### ASSIGNED TASK
All lines that hold the string "with" should be copied. Find them in the listing below.

### DATA TO EXAMINE
--- START ---

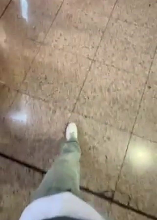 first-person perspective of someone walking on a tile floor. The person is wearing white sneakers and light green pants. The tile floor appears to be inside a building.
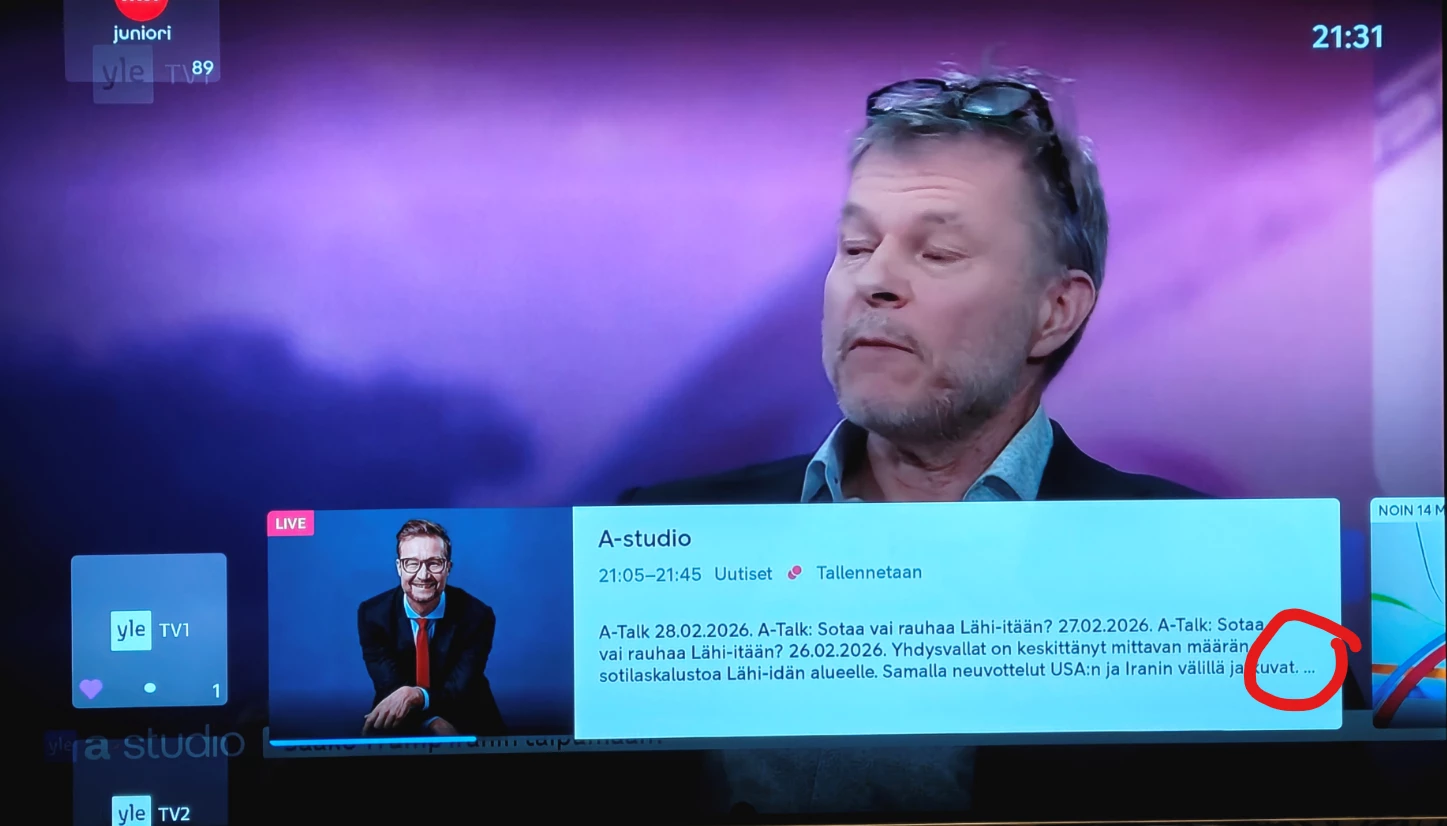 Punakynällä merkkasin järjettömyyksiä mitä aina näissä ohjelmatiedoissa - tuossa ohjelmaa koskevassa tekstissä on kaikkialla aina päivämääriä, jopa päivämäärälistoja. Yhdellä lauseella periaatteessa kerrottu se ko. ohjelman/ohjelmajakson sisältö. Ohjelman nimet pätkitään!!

--- END ---
--- START ---

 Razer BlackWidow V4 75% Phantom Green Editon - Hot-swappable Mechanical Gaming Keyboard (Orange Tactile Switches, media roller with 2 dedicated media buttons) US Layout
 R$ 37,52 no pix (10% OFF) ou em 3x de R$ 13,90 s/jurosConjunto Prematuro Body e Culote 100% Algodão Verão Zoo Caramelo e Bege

--- END ---
--- START ---

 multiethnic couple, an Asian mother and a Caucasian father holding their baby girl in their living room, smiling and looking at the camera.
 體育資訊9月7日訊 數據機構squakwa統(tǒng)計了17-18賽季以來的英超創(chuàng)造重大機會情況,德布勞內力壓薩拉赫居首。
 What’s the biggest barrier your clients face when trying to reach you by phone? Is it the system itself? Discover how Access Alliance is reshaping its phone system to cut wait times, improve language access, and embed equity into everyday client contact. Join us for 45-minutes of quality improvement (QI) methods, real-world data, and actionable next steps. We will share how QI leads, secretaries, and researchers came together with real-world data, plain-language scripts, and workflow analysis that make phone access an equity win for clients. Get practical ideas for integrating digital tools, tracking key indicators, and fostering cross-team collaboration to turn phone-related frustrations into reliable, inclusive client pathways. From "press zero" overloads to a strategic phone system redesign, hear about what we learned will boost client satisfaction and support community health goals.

--- END ---

### COMPLETED TASK
 Razer BlackWidow V4 75% Phantom Green Editon - Hot-swappable Mechanical Gaming Keyboard (Orange Tactile Switches, media roller with 2 dedicated media buttons) US Layout
 What’s the biggest barrier your clients face when trying to reach you by phone? Is it the system itself? Discover how Access Alliance is reshaping its phone system to cut wait times, improve language access, and embed equity into everyday client contact. Join us for 45-minutes of quality improvement (QI) methods, real-world data, and actionable next steps. We will share how QI leads, secretaries, and researchers came together with real-world data, plain-language scripts, and workflow analysis that make phone access an equity win for clients. Get practical ideas for integrating digital tools, tracking key indicators, and fostering cross-team collaboration to turn phone-related frustrations into reliable, inclusive client pathways. From "press zero" overloads to a strategic phone system redesign, hear about what we learned will boost client satisfaction and support community health goals.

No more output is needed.